This chart shows 80 trials of attempting to extract the bits of the byte 0xA3 (1,1,0,0,0,1,0,1) one bit at a time, with 10 trials per bit position. The 0 bits are blue and the 1 bits are orange.

Of course, an attacker who has access to a chat interface might not have access to the encrypted blob. So they might have to get this data through some other mechanism. You can get a very similar signal just by measuring how long it takes the model to return a response.

Same experiment as above, but this shows the measured wall-clock time at the client, before the model produces a response. This signal is nice because it should leak through most “chat only” interfaces, even if the attacker can’t see the encrypted blocks.

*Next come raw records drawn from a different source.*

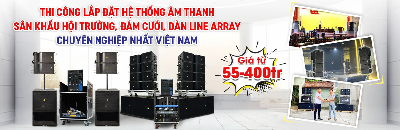 Loa line array là dòng cao cấp nhất trong các hệ thống hội trường, được sử dụng rộng rãi trong các sân khấu lớn, liveshow, nhà thi đấu, nhà hát. Cấu trúc xếp chồng nhiều module giúp âm thanh lan tỏa xa và đều, không bị thất thoát dù ở khoảng cách hàng chục mét.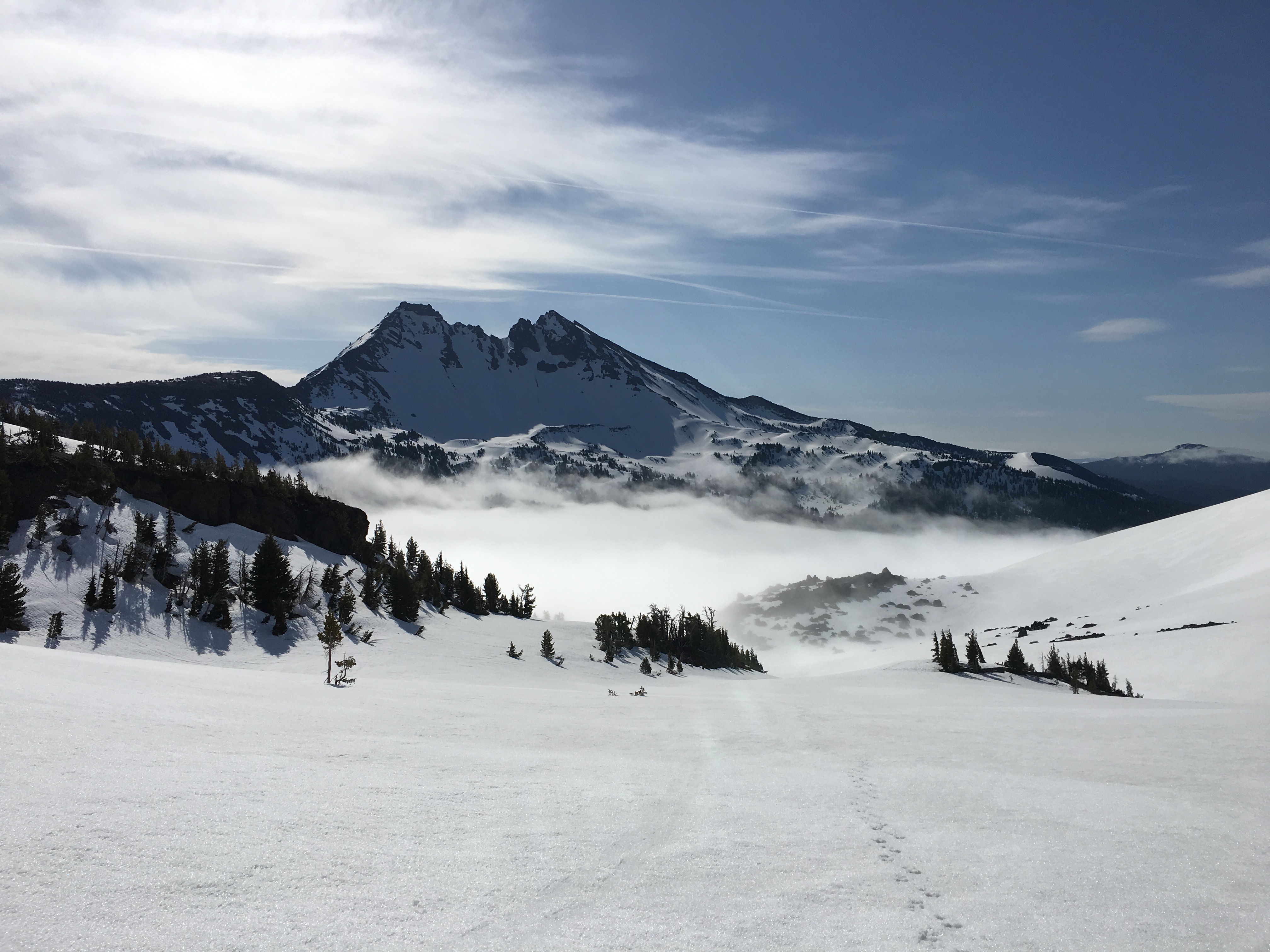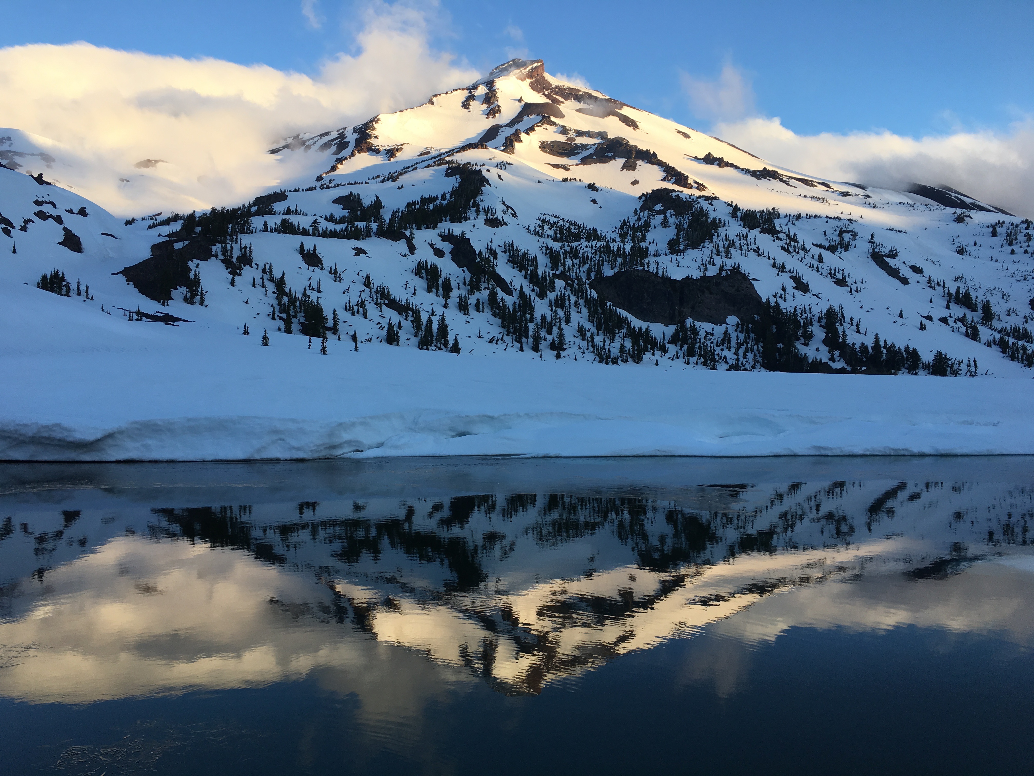 The skinning started within a mile and was mostly easy, with the exception of a couple of melted-out footbridges that required some shuffling. We made it to the lakes around 7 p.m. and quickly set up camp with a plan to get up early and ski toward Middle Sister.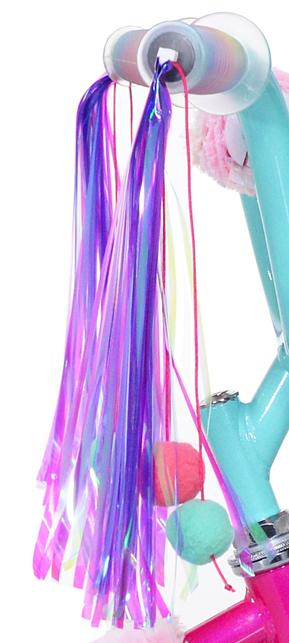 $76.54Kent’s 12″ furry-tastic cat girl’s bike will be so much fun for your child to ride around in. The bike features a furry, mounted bag, training wheels, pink spokes, blue sidewalls on a white tire, cat graphics, colorful handlebar streamers, and a furry attachment on the top tube. All the kids in the neighborhood will want one after seeing your child sporting theirs.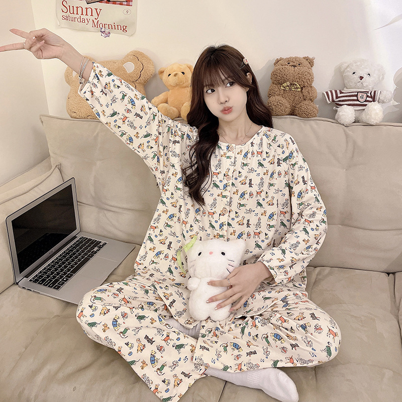 長袖パジャマ女性春秋純綿2023年新作レディース漫画カジュアルカーディガン秋冬ホームウェアセット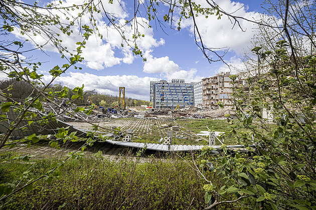 Bourání budovy CETIN, někdy nazývané pražský Mordor (2. dubna 2024)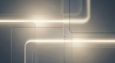 Minimalist geometric background design. Abstract square panels smooth corners. Soft glowing light effect lines technological backdrop.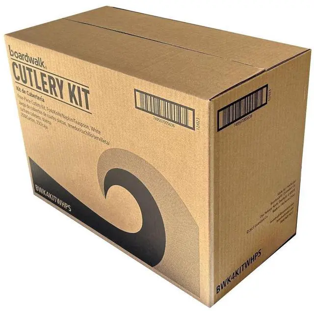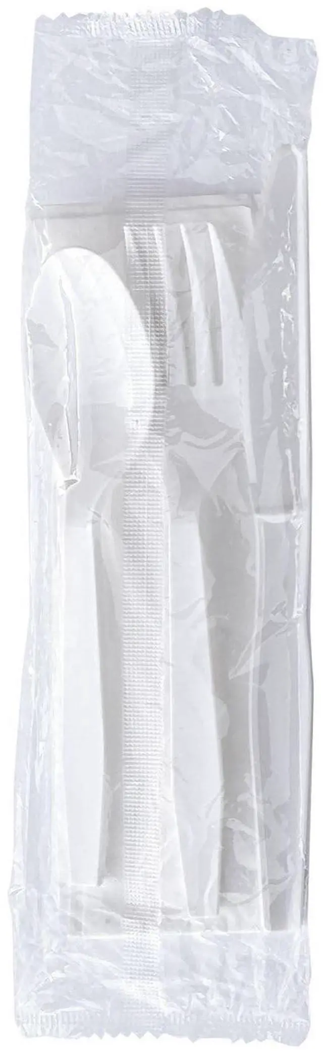 Four-Piece Polystyrene Cutlery Kit Mediumweight Fork/Knife/Napkin/Spoon Plastic White 250/Carton BWK4KITWHPS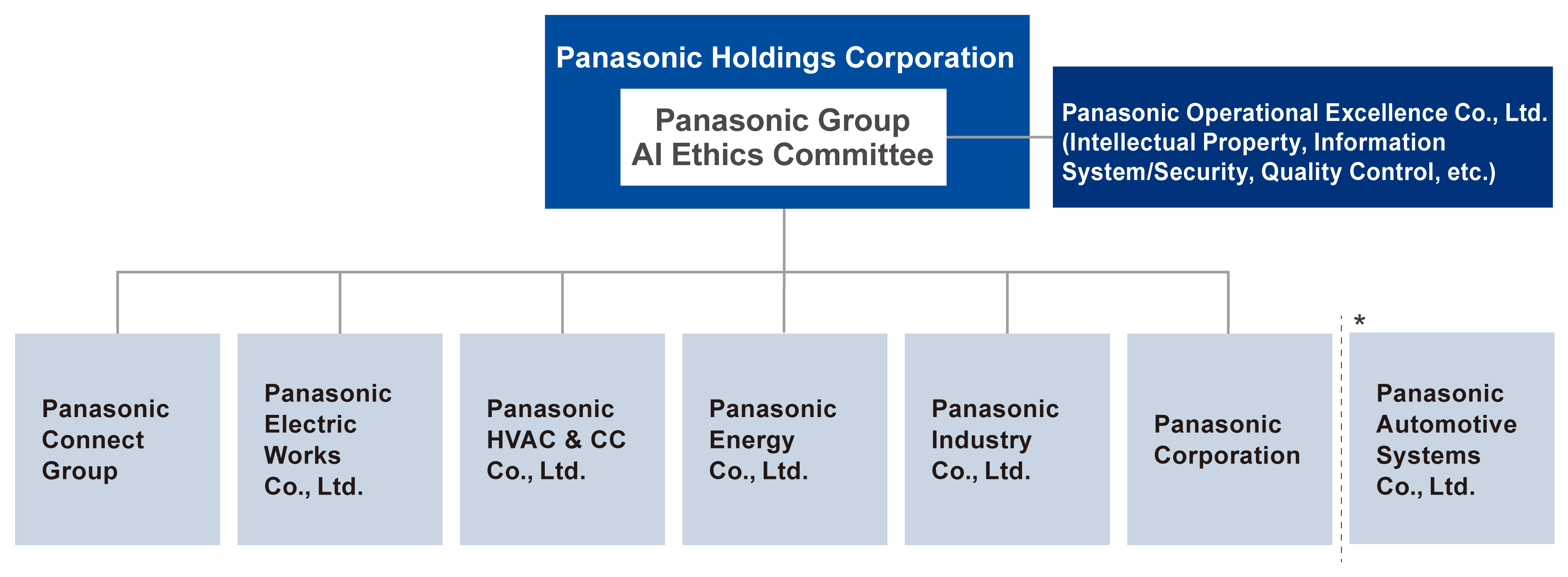The AI Ethics Committee has been established within the Panasonic Holdings Corporation by the Group CTO, comprising staff members in charge of AI ethics and members from other related departments. The Committee provides the Group with systems and measures to be implemented in relation to AI ethics activities and provides operating companies with support for their AI ethics activities as well as understanding, reviewing, and formulating countermeasures against risks. Each operating company also has persons in charge of AI ethics, and these individuals cooperate with the AI Ethics Committee to carry out activities that fit the business and technologies of each company.

So the summary here is not so much “encrypted blobs can leak useful information” although sometimes they do. It’s that reasoning itself can be leaky, even when we beg the model not to leak. Simply doing it, in a way that reasons over secret data, can potentially leak useful information to a clever attacker.

Can we use this side channel to extract platform secrets, such as the models’ top secret system prompts?

Once I found this side channel I got really excited. Sure, it’s slow: but maybe we could use it to slowly chisel out the models’ top secret instruction prompts, like the one that says “don’t talk about Goblins.” This would be painful but simple: just ask true/false questions about the first letter, then the second letter, and so on.

At this point I had to stop using Codex and Claude Code because they both just plain refused to help me extract confidential information, even after checking my ID and taking lock of my hair. I was forced to switch to OpenCode using Kimi 2.6, which had no ethical qualms about laying down a trail of destruction for my security research.

Unfortunately, most of the destruction was my own. I won’t go into the nightmare of model hallucinations that followed. I’ll just say that I learned a few things:

  • Neither GPT 5x nor Claude actually has a system prompt when you’re using API mode.
  • But they’re both happy to tell you they have one!
  • Moreover, they will happily invent plausible ones if you really push them to.
  • Kimi 2.6 is also happy to tell you you’re a genius who just invented the Internet each time this happens. Inevitably your experimental results will turn out to have been totally bogus, but at least Kimi will be very disappointed on your behalf.
  • With all that said, Kimi is shockingly good at coding and experiment design, especially given the very attractive pricing. If I was an Anthropic or OpenAI investor, I’d be scared.

So TL;DR, while I was able to extract application-specific secrets that did exist, I wasn’t able to extract model prompts that don’t. Moreover, I didn’t feel quite ambitious enough to begin pounding on ChatGPT or Claude’s public web interface (where they certainly do.) So for the moment I’m just going to call this a maybe. I think model providers should think hard about this reasoning data, and they should make sure it doesn’t leak things they don’t want it to.

What could providers do about this?

I reported both results to OpenAI and Anthropic via their bug bounty programs. OpenAI said my report was unreproducible. I sent them my scripts, but too late. Anthropic quite reasonably told me they don’t see any security implications in side channels or replays, but they might alter their developer documentation to warn application developers to be more careful. I think that’s a fine decision (except for the part about trusting application developers), even if I want to believe there could be more here. Either way: I took those responses as permission to write this post.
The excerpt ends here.